The structural issue had become a significant point of contention for the artificial intelligence (AI) pioneer, with major investors pushing for the change to better secure their returns, AFP said.

AI safety advocates had expressed concerns about pursuing substantial profits from such powerful technology without the oversight of a nonprofit board of directors acting in society's interest rather than for shareholder profits.

"OpenAI is not a normal company and never will be," Altman wrote in an email to staff posted on the company's website.

"We made the decision for the nonprofit to stay in control after hearing from civic leaders and having discussions with the offices of the Attorneys General of California and Delaware," he added.

OpenAI was founded as a nonprofit in 2015 and later created a "capped" for-profit entity allowing limited profit-making to attract investors, with cloud computing giant Microsoft becoming the largest early backer.

This arrangement nearly collapsed in 2023 when the board unexpectedly fired Altman. Staff revolted, leading to Altman's reinstatement while those responsible for his dismissal departed.

Alarmed by the instability, investors demanded OpenAI transition to a more traditional for-profit structure within two years.

Under its initial reform plan revealed last year, OpenAI would have become an outright for-profit public benefit corporation (PBC), reassuring investors considering the tens of billions of dollars necessary to fulfill the company's ambitions.

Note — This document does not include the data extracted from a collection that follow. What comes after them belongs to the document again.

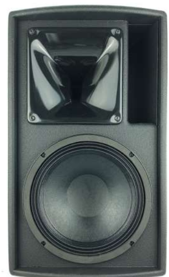
Grille removed, the large PS horn used with the HF driver

ePS10-EN54 acoustic phase response is NEXO phase signature allowing inter-operability between all NEXO speakers at all crossover points, except for the monitor setups where latency is minimized.
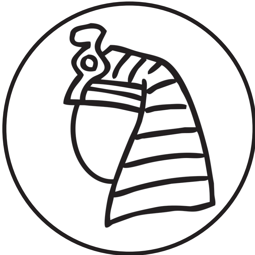
Year 2, Unit 2, Session 6
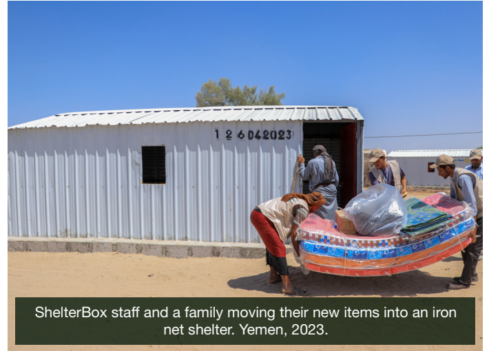
ShelterBox staff and a family moving their new items into an iron net shelter. Yemen, 2023.

So far, we have supported 3,500 people with these new shelters, designed based on the feedback the communities shared with us.
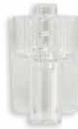
Clear Male Luer Lock Tubing Pocket .118 to .124
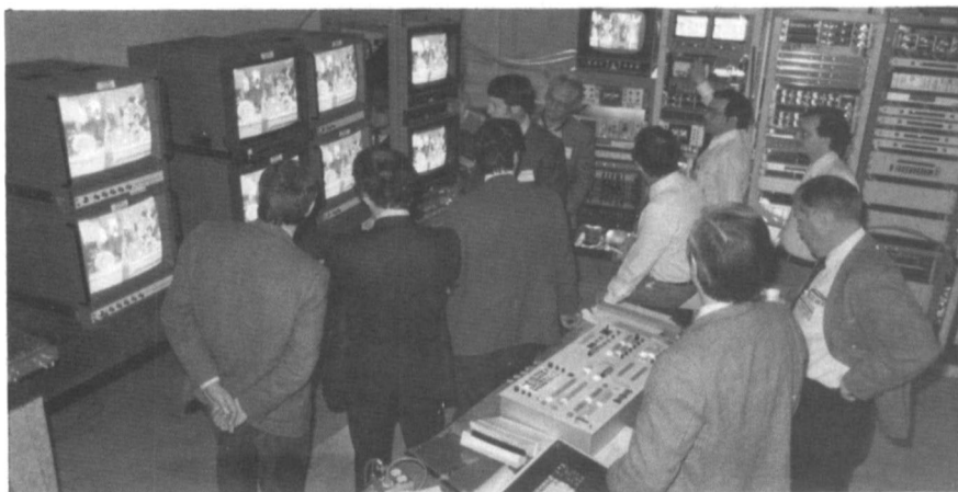
The component video system proposed by the SMPTE Working Group on Component Analog Video was demonstrated immediately preceding the conference at CBC's Studio 52.

The 18th Annual Television Conference of the Society of Motion Picture and Television Engineers (SMPTE) was held from Friday, February 10, to Saturday, February 11, 1984, at the Queen Elizabeth Hotel in Montreal. More than 700 television engineers, scientists, and technical and management people from all corners of the globe attended this internationally well-known conference.
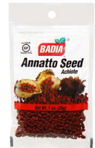
ANNATTO SEED - 00023
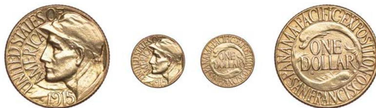
2546 Gold Dollar, 1915s, Panama-Pacific Exposition. Probably sometime cleaned, otherwise extremely fine or better
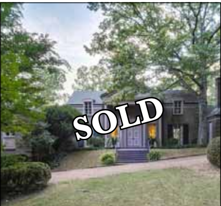
BLUFF - MLS 1775532 - 305 Clara's Point Rd., Sewanee. $949,000
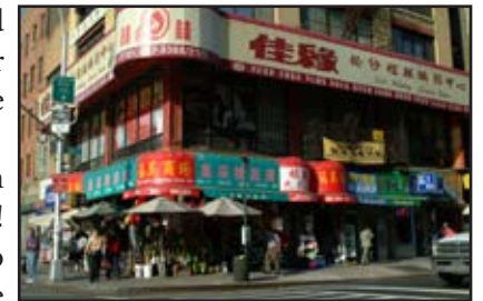
pictures from New York City
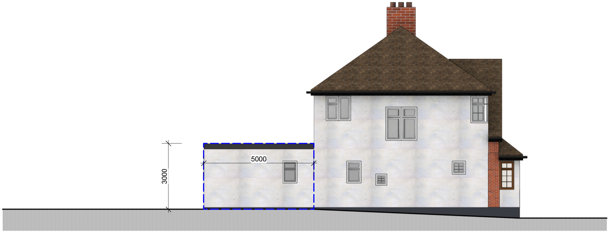
1 01 PROP ELEV SIDE Scale: 1:100
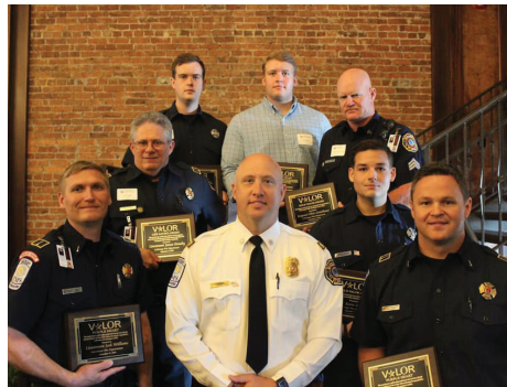
LFD honored at Valor Awards

The LaGrange Police Department and the LaGrange Fire Department were recognized at the 7th Annual LaGrange-Troup County Chamber of Commerce Valor Awards.

Any status change, however, requires approval from state governments in California and Delaware, where the company is headquartered and registered, respectively.

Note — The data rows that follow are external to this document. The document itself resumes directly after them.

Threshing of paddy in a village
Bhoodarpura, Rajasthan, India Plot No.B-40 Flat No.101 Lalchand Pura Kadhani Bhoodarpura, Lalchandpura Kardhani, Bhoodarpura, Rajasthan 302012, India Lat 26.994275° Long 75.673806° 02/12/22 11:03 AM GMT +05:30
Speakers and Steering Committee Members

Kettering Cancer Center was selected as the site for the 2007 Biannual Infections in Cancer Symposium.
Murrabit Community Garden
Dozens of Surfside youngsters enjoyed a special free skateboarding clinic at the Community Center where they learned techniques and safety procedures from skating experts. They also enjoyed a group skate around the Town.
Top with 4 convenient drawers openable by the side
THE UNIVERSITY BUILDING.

The plan faced strong criticism from AI safety activists and co-founder Elon Musk, who sued the company he left in 2018, claiming the proposal violated its founding philosophy.

In the revised plan, OpenAI's money-making arm will now be fully open to generate profits but, crucially, will remain under the nonprofit board's supervision.

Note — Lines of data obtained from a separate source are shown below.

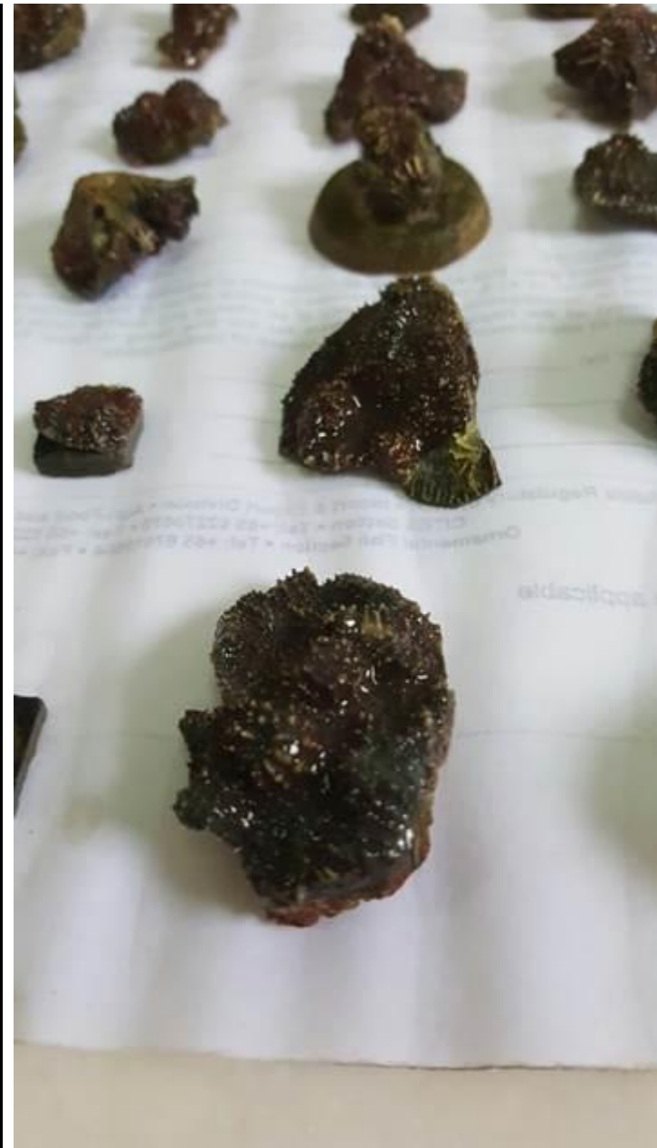
Close up of the smuggled hard corals.
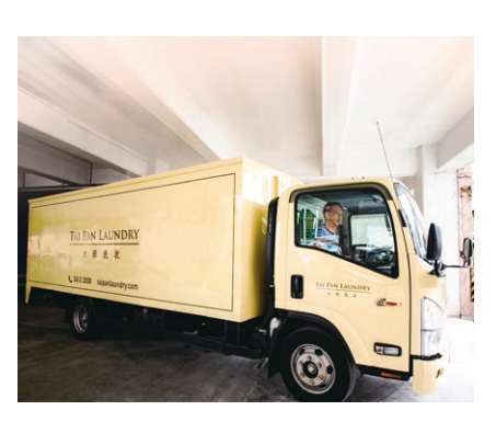
Tai Pan Laundry Hong Kong Established: 1980
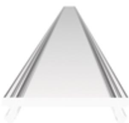
Clear (95% transmission)
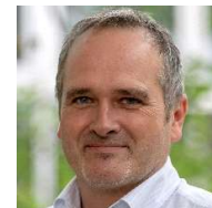
Head of the Institute
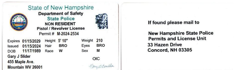
New Non-Resident Permit Format 2024.

These images has been digitally assembled from 2 or more images. They may not be 100% accurate but gives a good representation of the actual Permit/License
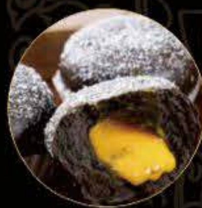
黑金流沙包 Black Salted Egg Custard Bun (3)
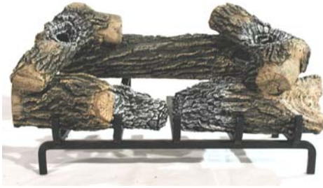
STEP FIVE: PLACE 11C/VSA AS SHOWN
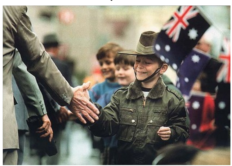
Passing generations, a boy reaches out to Diggers during the Anzac Day march on George Street Sydney 2014
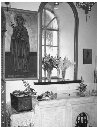
Relics of St. Olympiada (in small reliquary) and sepulchre of New Martyr Deacon Nicholas.
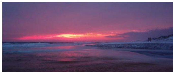
Stallworth Lake Outfall at Sunset

For more information, please visit the project website at http://dunelakes.org . The website offers a synopsis of the individual meetings and an opportunity to participate in our online discussion.
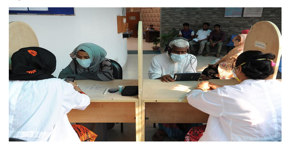
Figure: 1.4: Field work

In Dhaka, we also have two urban field sites: Kamalapur and Mirpur. These sites have been used to collect crucial data on urban poor health and to test treatments to increase access to health care. As the number of Bangladeshi individuals living in cities grows, it is critical to understand urban health. The economics and pathology of different infectious diseases, as well as vaccination research and other community-based therapies, have all been studied. With a population of 140,000 people, Kamalapur is a heavily populated area of informal settlements. Pneumonia, shigellosis, influenza, and dengue fever have all been studied on the site. It has also served as the foundation for research into urban health systems, including how to best offer health care, set up referral systems, and fund health-care initiatives.
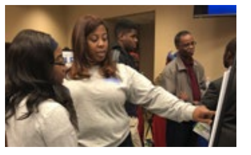
2 Community Outreach team speaks with community members at the Laurel Open House

CWP team visits the National Museum of African American History and Culture
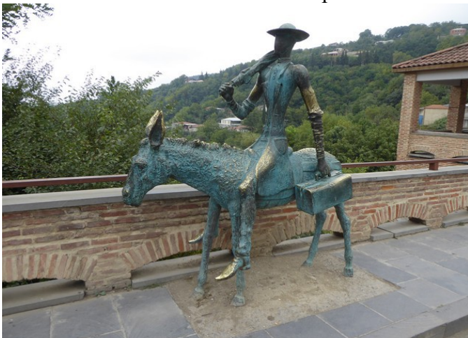
Next stop was in Sighnaki , which is a small town 2km from the monastery. Link . The city was an important fortress in the 1700s with the wall around the entire city.
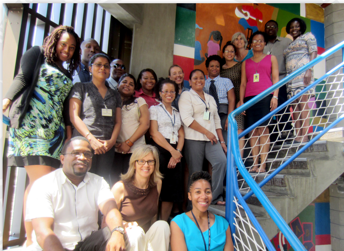
Peace Corps OLIG auditors and post staff in Peace Corps/Guyana
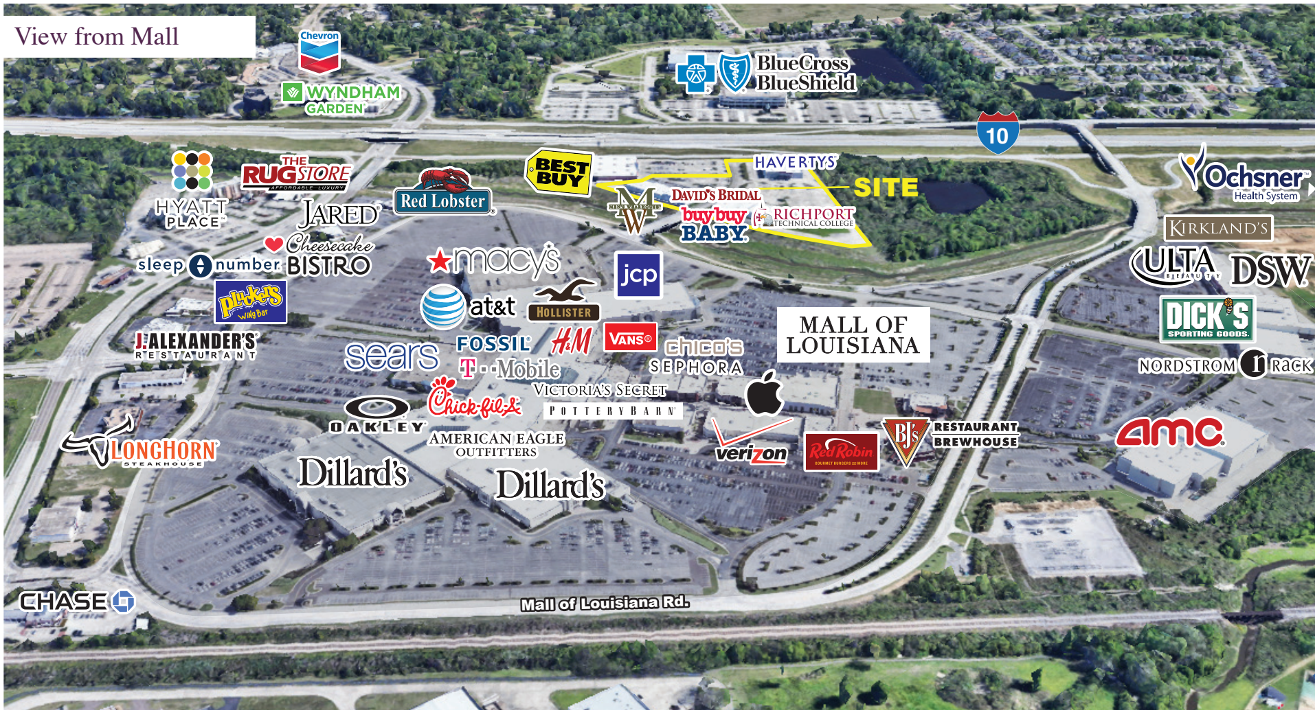
View from Mall

All information furnished is from sources deemed reliable. No warranty or representation is made as to the accuracy thereof and it is submitted subject to errors, omissions, changes of availability, price, rental or other conditions.

"We believe this sets us up to continue to make rapid, safe progress and to put great AI in the hands of everyone," Altman said.

SoftBank sign-off

OpenAI's major investors will likely have a say in this proposal, with Japanese investment giant SoftBank having made the change to being a for-profit a condition for their massive $30 billion investment announced on March 31.

In an official document, SoftBank stated its total investment could be reduced to $20 billion if OpenAI does not restructure into a for-profit entity by year-end.

The substantial cash injections are needed to cover OpenAI's colossal computing requirements to build increasingly energy-intensive and complex AI models.

The company's original vision did not contemplate "the needs for hundreds of billions of dollars of compute to train models and serve users," Altman said.

SoftBank's contribution in March represented the majority of the $40 billion raised in a funding round that valued the ChatGPT maker at $300 billion, marking the largest capital-raising event ever for a startup.

The company, led by Altman, has become one of Silicon Valley's most successful startups, propelled to prominence in 2022 with the release of ChatGPT, its generative AI chatbot.